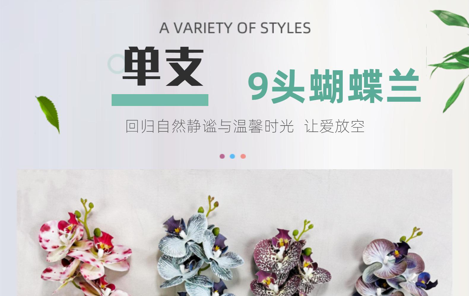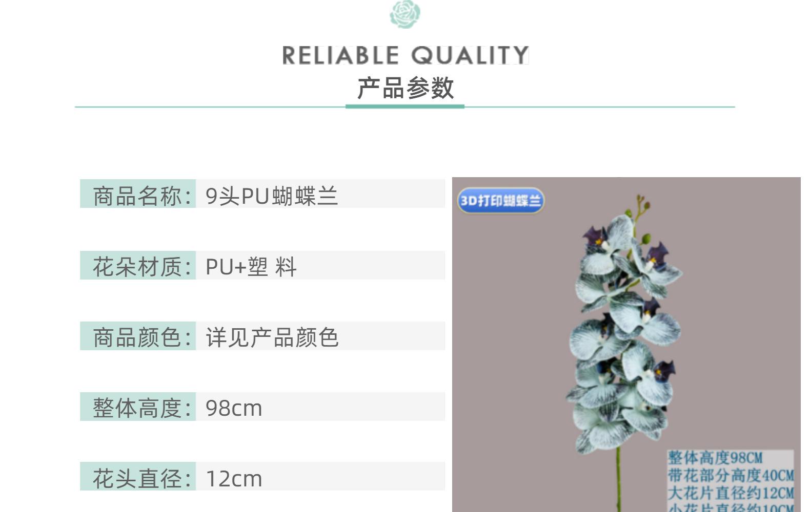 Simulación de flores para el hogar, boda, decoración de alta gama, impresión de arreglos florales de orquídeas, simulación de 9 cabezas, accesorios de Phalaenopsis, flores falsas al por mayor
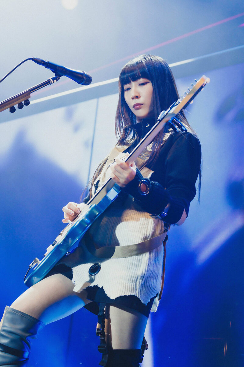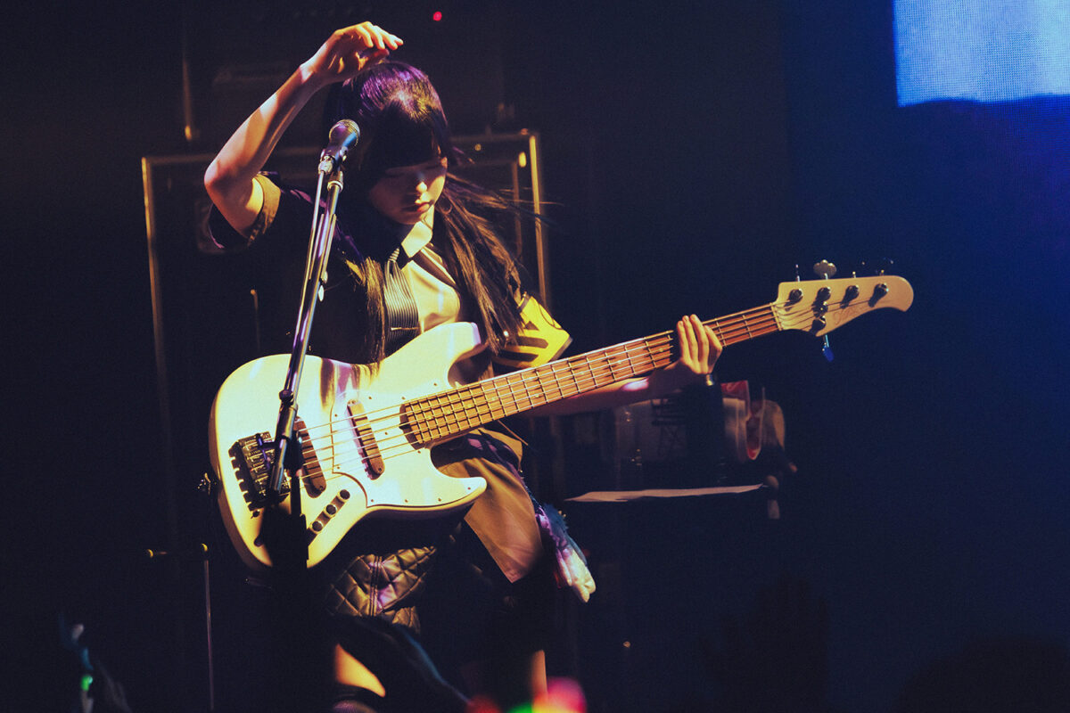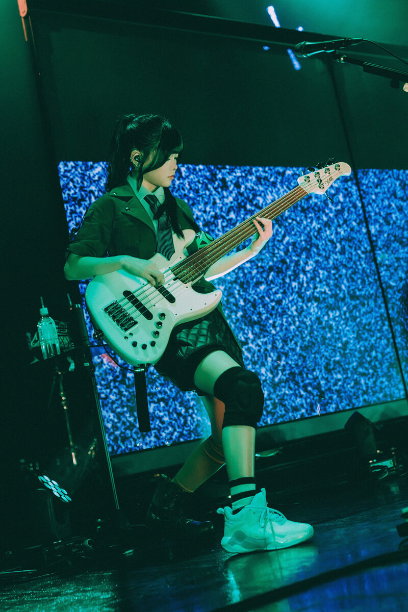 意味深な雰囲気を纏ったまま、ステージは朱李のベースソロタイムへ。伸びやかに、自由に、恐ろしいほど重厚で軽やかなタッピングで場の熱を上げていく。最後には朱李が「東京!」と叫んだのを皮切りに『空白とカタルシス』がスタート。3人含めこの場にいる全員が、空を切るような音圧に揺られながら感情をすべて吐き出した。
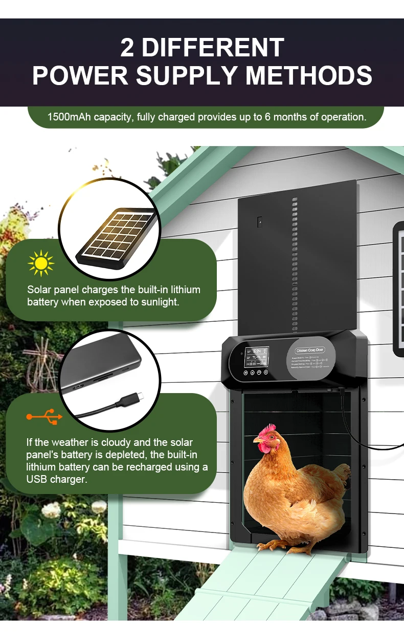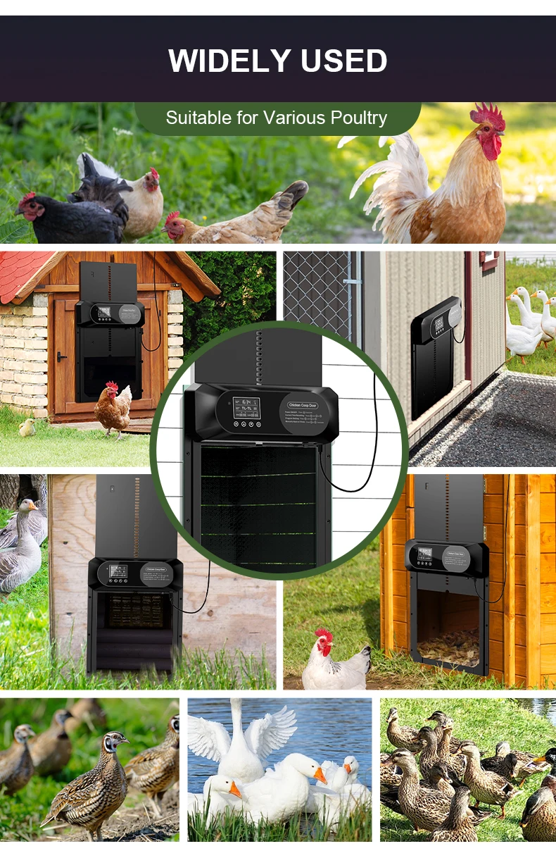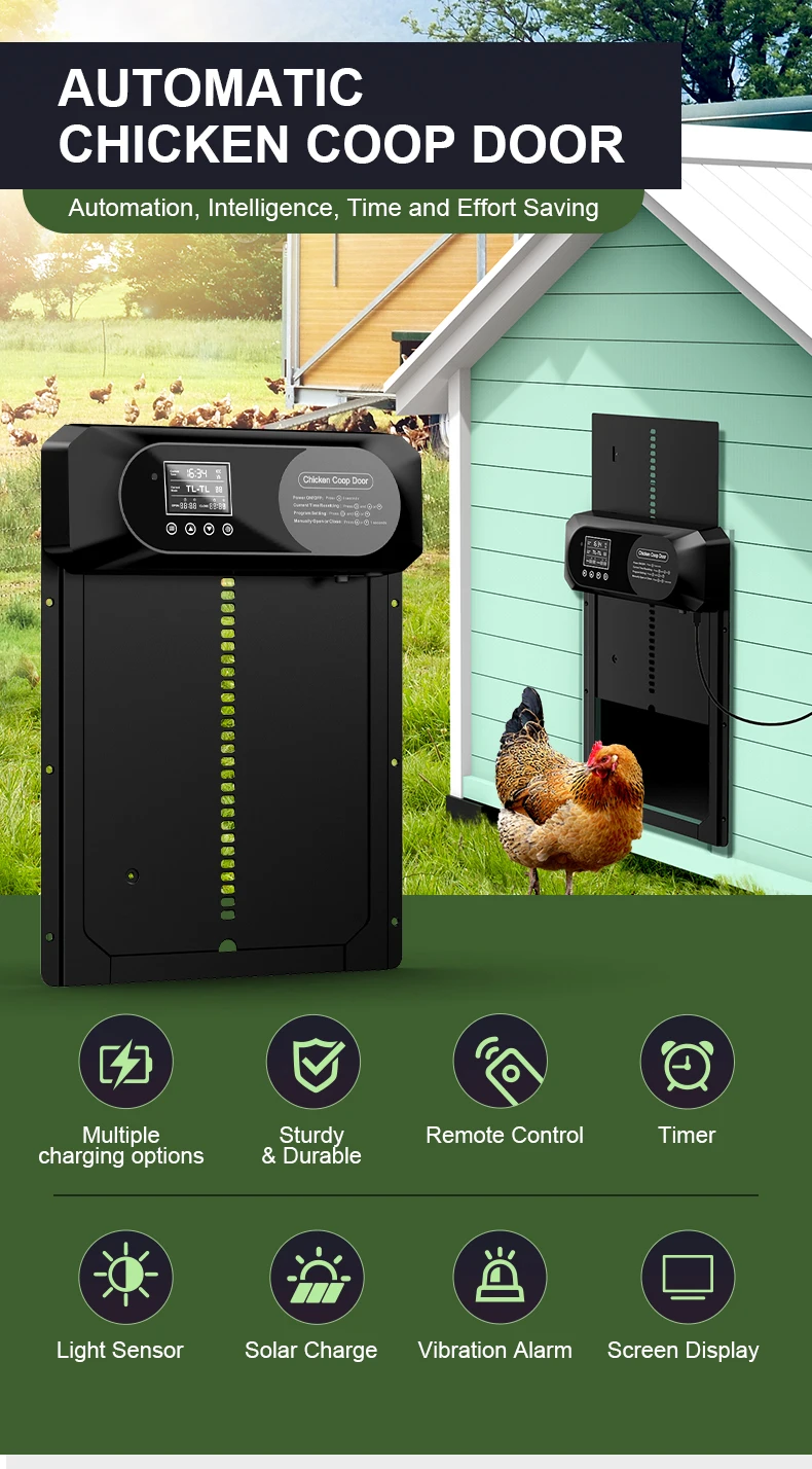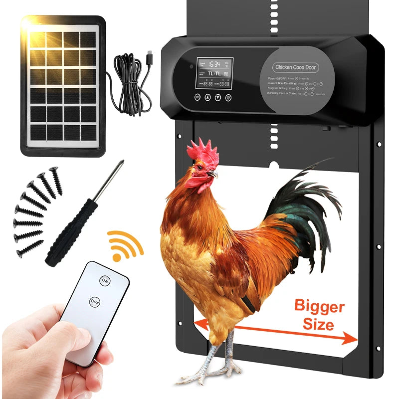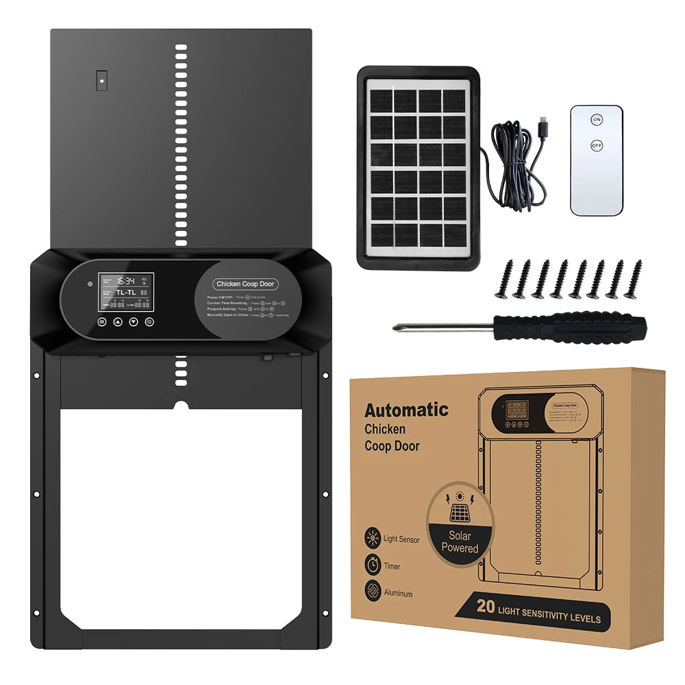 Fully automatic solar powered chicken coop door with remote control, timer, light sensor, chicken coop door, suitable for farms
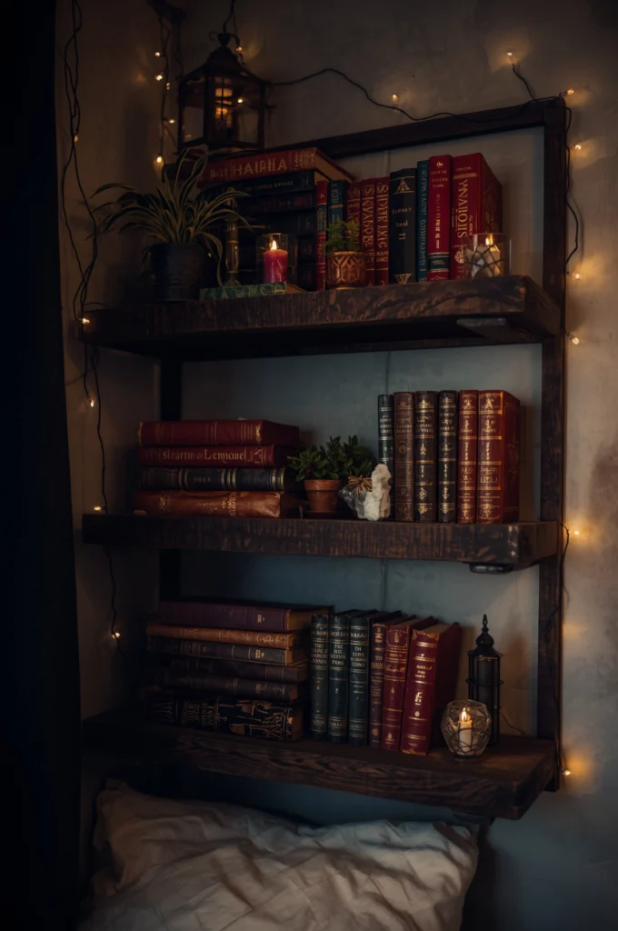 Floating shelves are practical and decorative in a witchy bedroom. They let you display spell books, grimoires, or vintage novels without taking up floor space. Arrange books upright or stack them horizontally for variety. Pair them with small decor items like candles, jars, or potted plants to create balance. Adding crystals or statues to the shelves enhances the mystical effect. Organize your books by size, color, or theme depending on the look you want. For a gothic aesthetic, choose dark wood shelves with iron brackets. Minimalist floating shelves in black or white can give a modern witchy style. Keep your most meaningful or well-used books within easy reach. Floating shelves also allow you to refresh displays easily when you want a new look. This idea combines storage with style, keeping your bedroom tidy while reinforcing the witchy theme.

About this exercise: Starting at the line above with "意味深な雰囲気を纏ったまま、", output every line exactly up to and including the line with "Fully automatic solar", but none of the pictures.

Answer for the task:
 意味深な雰囲気を纏ったまま、ステージは朱李のベースソロタイムへ。伸びやかに、自由に、恐ろしいほど重厚で軽やかなタッピングで場の熱を上げていく。最後には朱李が「東京!」と叫んだのを皮切りに『空白とカタルシス』がスタート。3人含めこの場にいる全員が、空を切るような音圧に揺られながら感情をすべて吐き出した。
 Fully automatic solar powered chicken coop door with remote control, timer, light sensor, chicken coop door, suitable for farms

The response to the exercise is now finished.